**Exercise materials:**
#####

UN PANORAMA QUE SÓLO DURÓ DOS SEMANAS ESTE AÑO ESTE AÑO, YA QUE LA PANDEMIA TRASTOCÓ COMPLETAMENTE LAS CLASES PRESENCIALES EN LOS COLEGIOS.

#####

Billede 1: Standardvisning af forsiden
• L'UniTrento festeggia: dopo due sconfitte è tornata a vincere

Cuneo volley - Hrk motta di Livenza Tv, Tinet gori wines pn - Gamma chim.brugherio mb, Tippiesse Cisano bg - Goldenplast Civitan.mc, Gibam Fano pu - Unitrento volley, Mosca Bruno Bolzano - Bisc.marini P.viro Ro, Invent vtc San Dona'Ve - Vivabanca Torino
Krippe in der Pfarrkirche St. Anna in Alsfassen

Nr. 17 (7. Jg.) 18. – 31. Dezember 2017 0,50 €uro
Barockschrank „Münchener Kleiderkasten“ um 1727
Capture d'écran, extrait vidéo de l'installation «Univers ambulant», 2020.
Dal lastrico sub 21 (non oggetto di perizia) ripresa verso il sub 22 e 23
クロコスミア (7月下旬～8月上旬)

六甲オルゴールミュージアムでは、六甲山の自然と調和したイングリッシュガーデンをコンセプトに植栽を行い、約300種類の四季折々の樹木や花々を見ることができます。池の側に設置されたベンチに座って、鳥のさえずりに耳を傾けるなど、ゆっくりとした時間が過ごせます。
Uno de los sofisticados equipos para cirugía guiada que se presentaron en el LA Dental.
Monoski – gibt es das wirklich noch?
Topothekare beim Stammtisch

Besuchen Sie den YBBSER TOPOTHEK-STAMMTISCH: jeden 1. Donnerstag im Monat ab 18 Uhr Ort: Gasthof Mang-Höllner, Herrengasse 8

#####

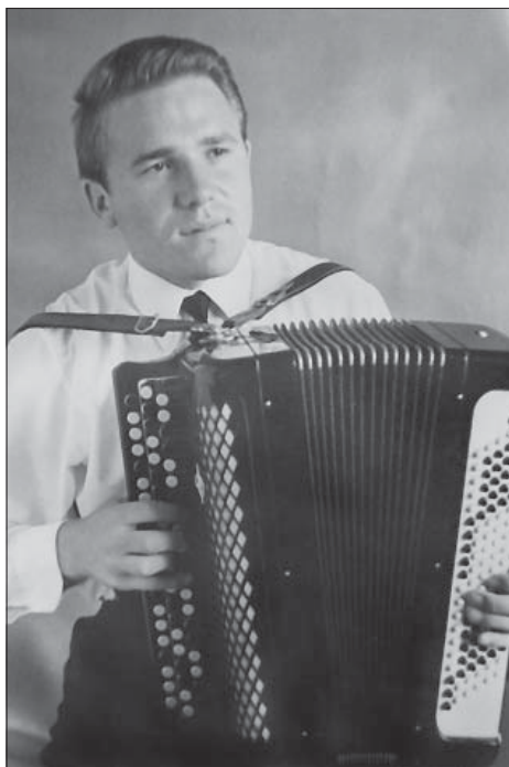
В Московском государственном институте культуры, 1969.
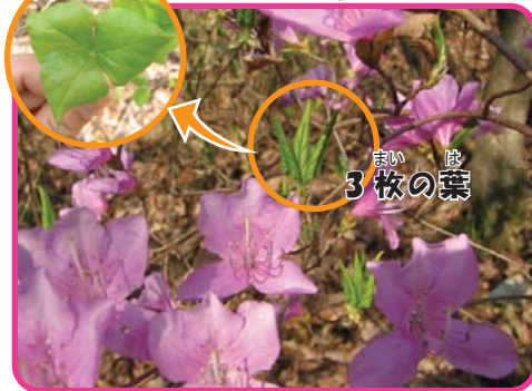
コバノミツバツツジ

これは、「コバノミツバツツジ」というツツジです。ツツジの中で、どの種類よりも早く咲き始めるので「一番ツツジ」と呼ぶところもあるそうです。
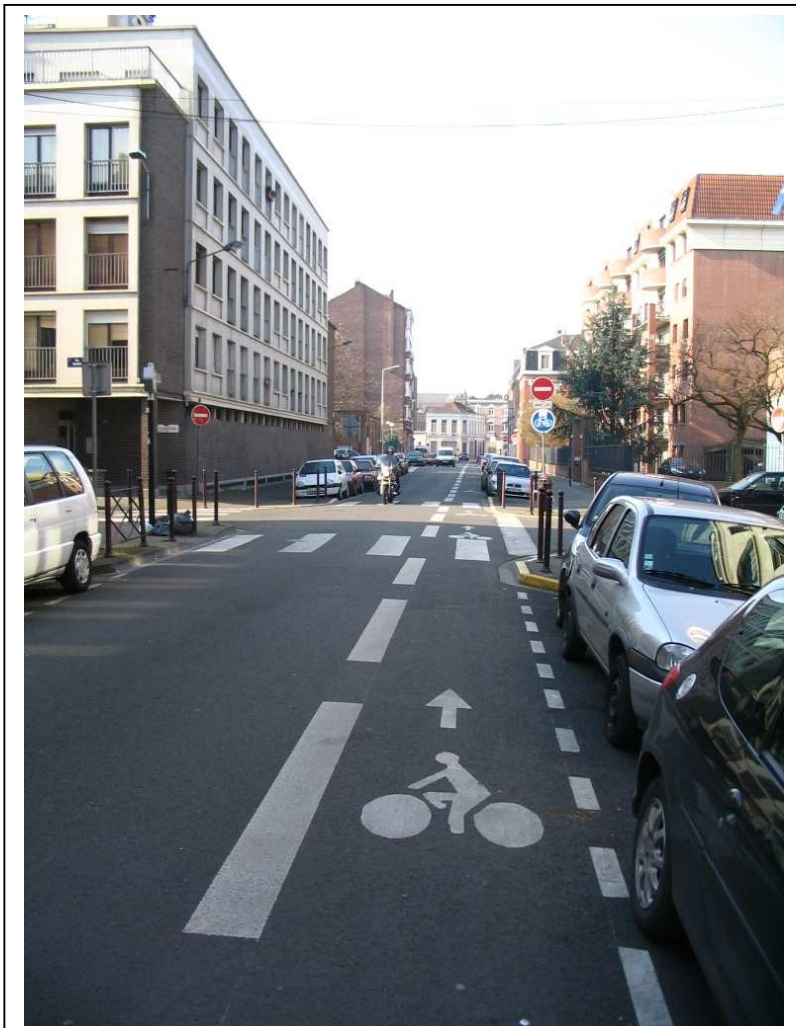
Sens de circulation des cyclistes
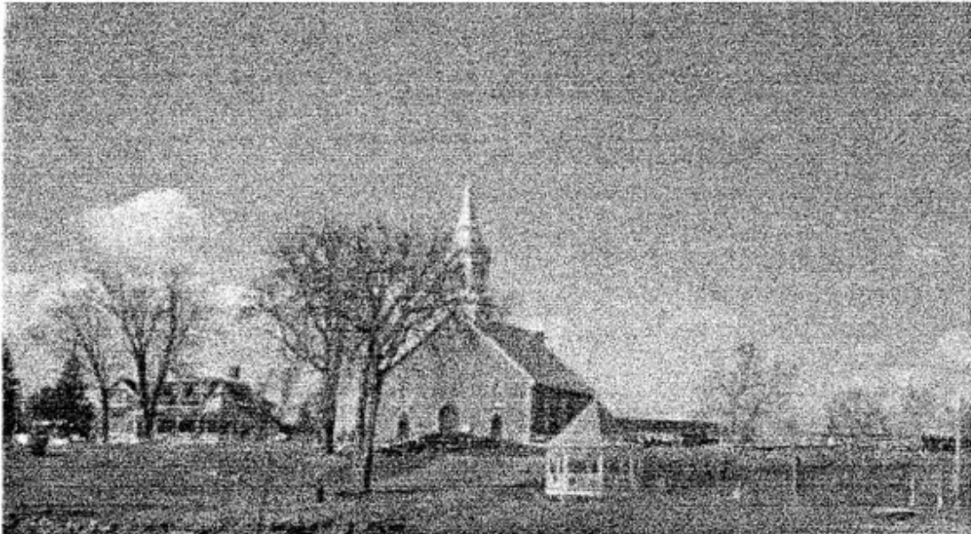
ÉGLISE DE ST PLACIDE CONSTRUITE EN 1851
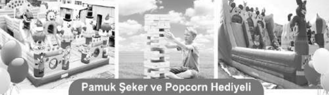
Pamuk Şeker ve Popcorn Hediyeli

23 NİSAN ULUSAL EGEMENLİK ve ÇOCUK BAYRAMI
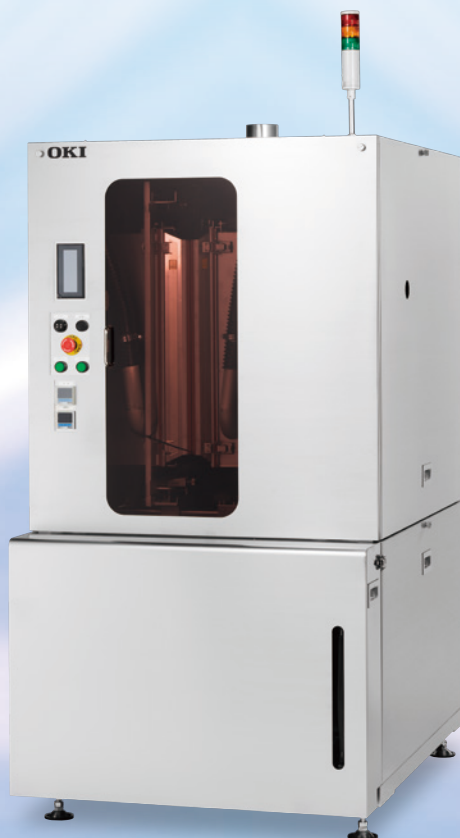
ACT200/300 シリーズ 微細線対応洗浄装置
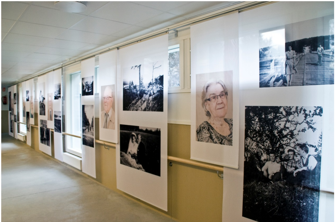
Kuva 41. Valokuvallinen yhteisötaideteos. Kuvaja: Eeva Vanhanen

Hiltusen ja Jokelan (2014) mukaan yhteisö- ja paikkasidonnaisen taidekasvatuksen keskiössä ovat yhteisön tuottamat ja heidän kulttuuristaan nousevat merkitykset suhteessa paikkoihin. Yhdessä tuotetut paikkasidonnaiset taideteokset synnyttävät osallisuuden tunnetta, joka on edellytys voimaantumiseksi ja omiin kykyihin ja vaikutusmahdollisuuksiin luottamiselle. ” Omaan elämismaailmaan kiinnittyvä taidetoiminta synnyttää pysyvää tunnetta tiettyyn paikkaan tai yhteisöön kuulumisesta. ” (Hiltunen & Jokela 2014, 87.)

#####

**Exercise:** Give back, exactly as written, the stretch from the line with "Krippe in der" through the line with "Capture d'écran, extrait", and no other lines from the records above.

**Solution below:**
Krippe in der Pfarrkirche St. Anna in Alsfassen

Nr. 17 (7. Jg.) 18. – 31. Dezember 2017 0,50 €uro
Barockschrank „Münchener Kleiderkasten“ um 1727
Capture d'écran, extrait vidéo de l'installation «Univers ambulant», 2020.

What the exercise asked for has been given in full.